## Problem description
Below are records; the lines starting at the one with "Seks små kunstglasskåle" and ending at the one with "A 1995 release" must be reproduced exactly, both included. Pictures must not appear.

## Data to process
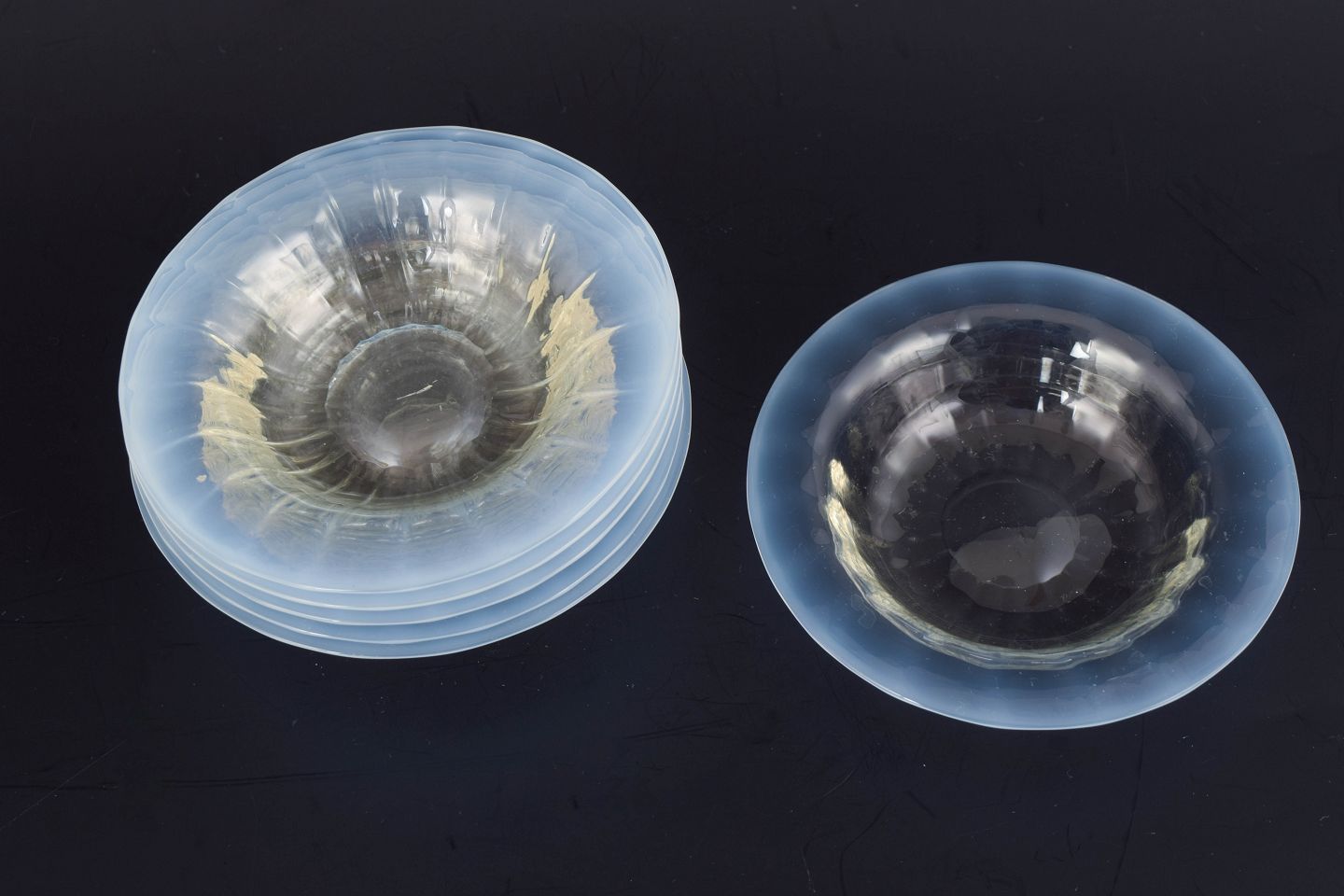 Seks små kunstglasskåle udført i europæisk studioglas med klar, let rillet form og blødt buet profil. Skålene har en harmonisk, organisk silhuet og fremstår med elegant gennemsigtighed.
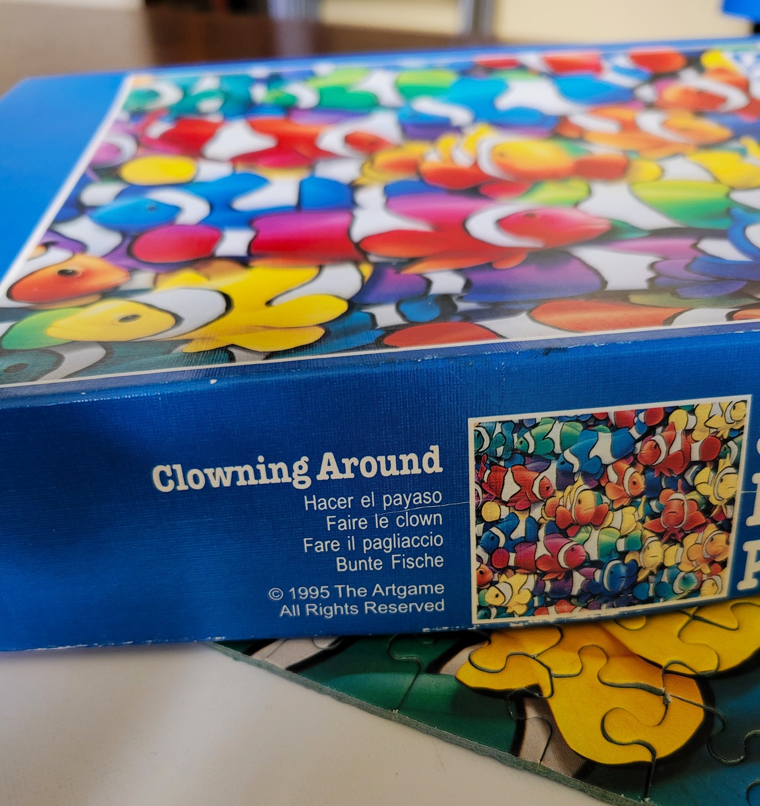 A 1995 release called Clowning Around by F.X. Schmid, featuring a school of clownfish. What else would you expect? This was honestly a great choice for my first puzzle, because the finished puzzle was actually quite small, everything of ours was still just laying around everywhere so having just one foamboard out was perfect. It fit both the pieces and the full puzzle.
...
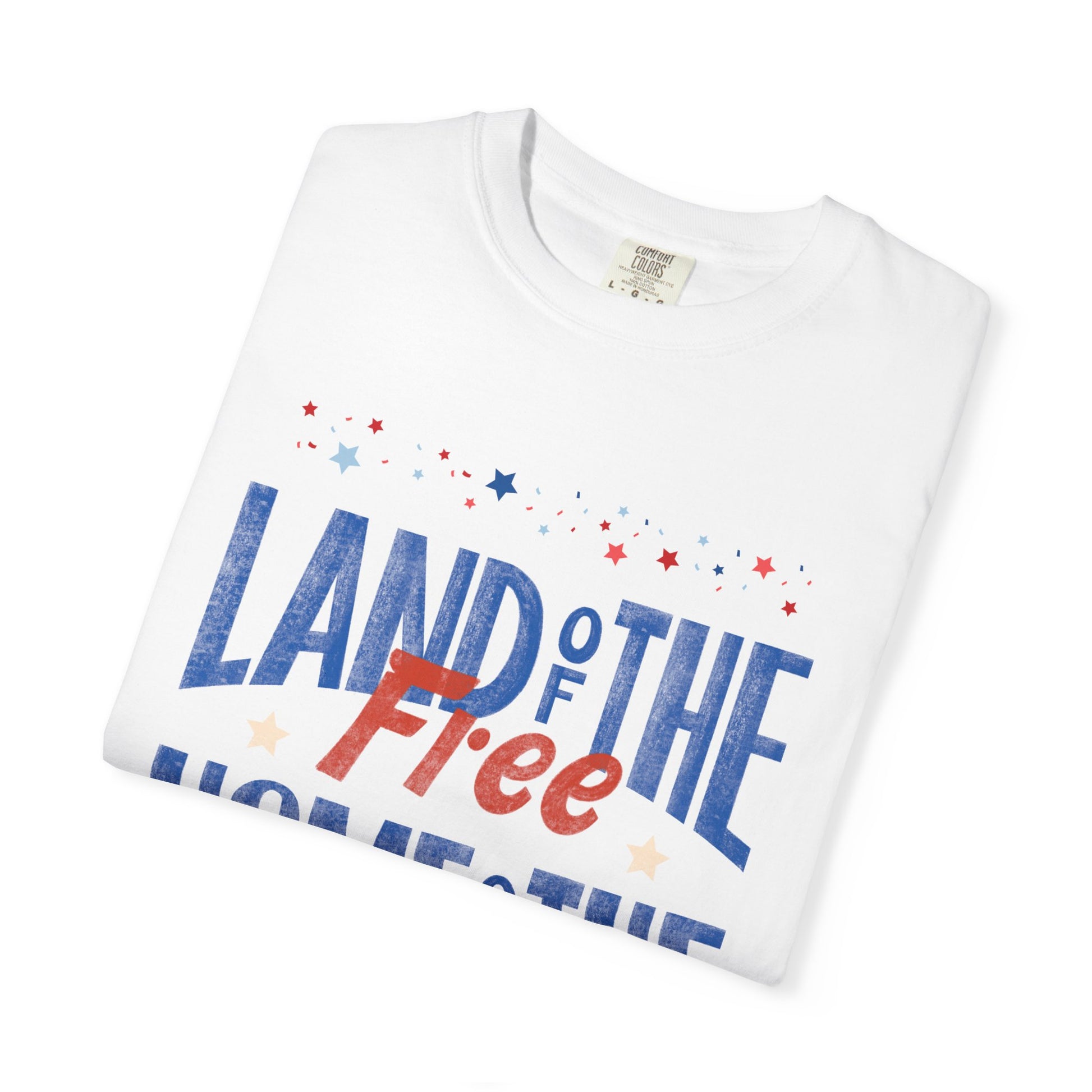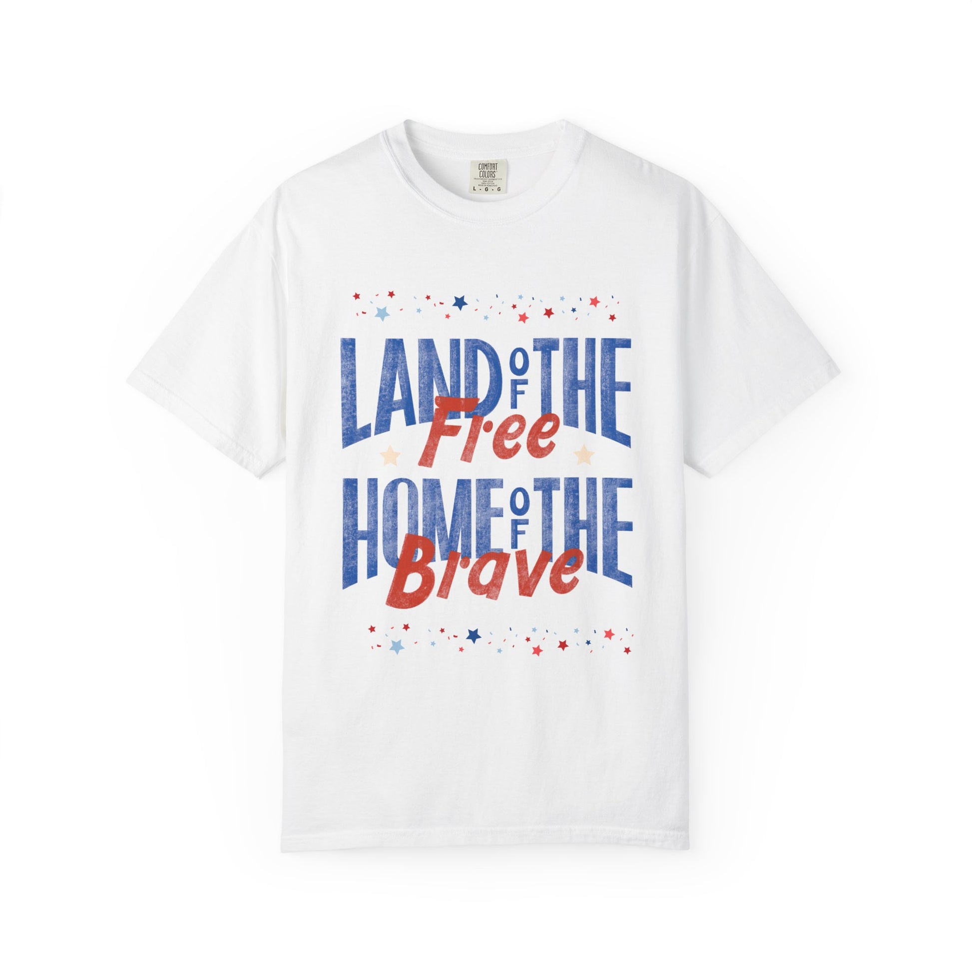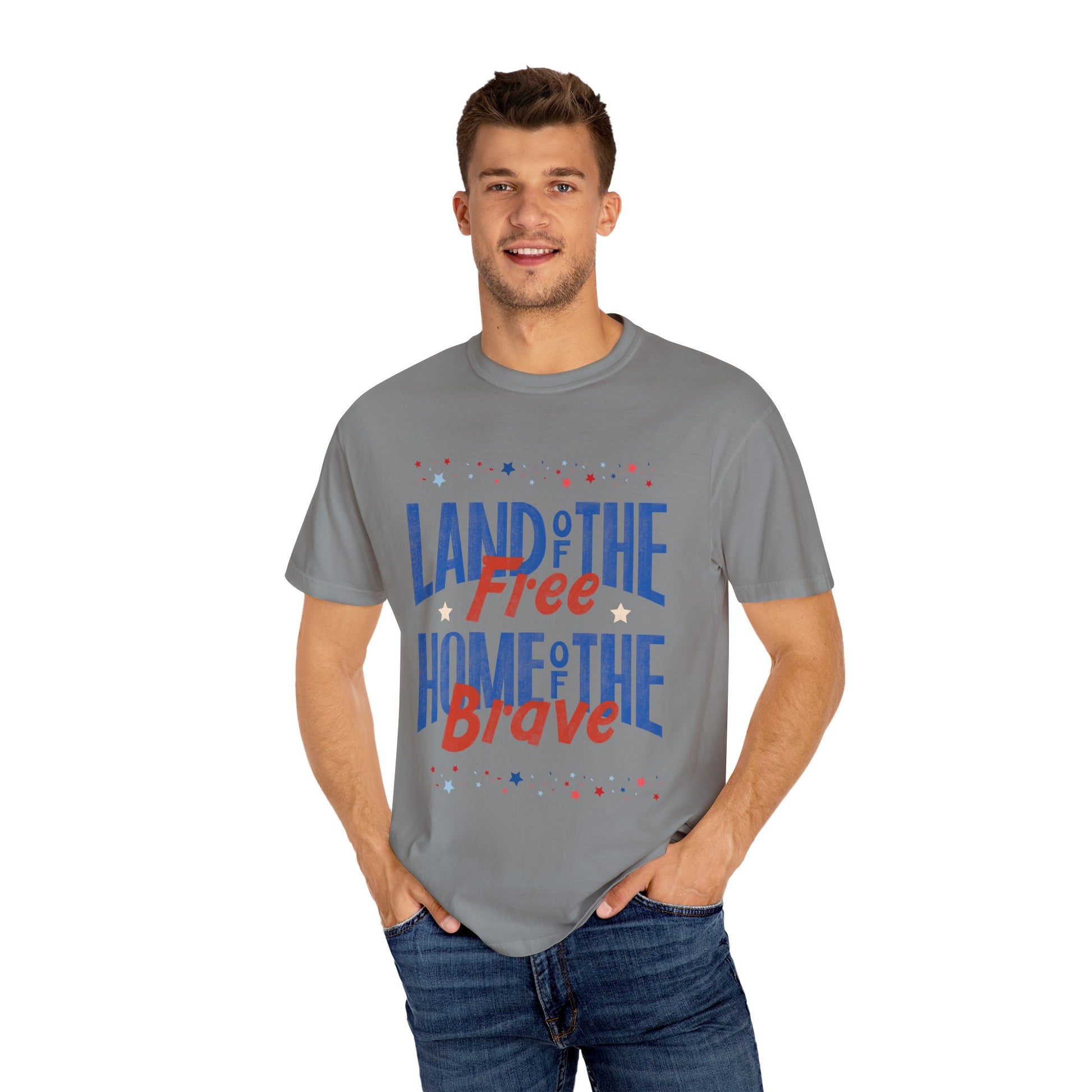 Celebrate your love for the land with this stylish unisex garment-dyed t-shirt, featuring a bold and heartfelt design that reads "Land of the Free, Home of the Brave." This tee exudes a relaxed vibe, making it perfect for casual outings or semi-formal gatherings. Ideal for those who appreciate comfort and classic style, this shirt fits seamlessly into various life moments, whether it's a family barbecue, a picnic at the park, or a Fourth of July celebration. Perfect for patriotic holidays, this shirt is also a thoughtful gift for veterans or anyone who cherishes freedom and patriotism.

## Solution
 Seks små kunstglasskåle udført i europæisk studioglas med klar, let rillet form og blødt buet profil. Skålene har en harmonisk, organisk silhuet og fremstår med elegant gennemsigtighed.
 A 1995 release called Clowning Around by F.X. Schmid, featuring a school of clownfish. What else would you expect? This was honestly a great choice for my first puzzle, because the finished puzzle was actually quite small, everything of ours was still just laying around everywhere so having just one foamboard out was perfect. It fit both the pieces and the full puzzle.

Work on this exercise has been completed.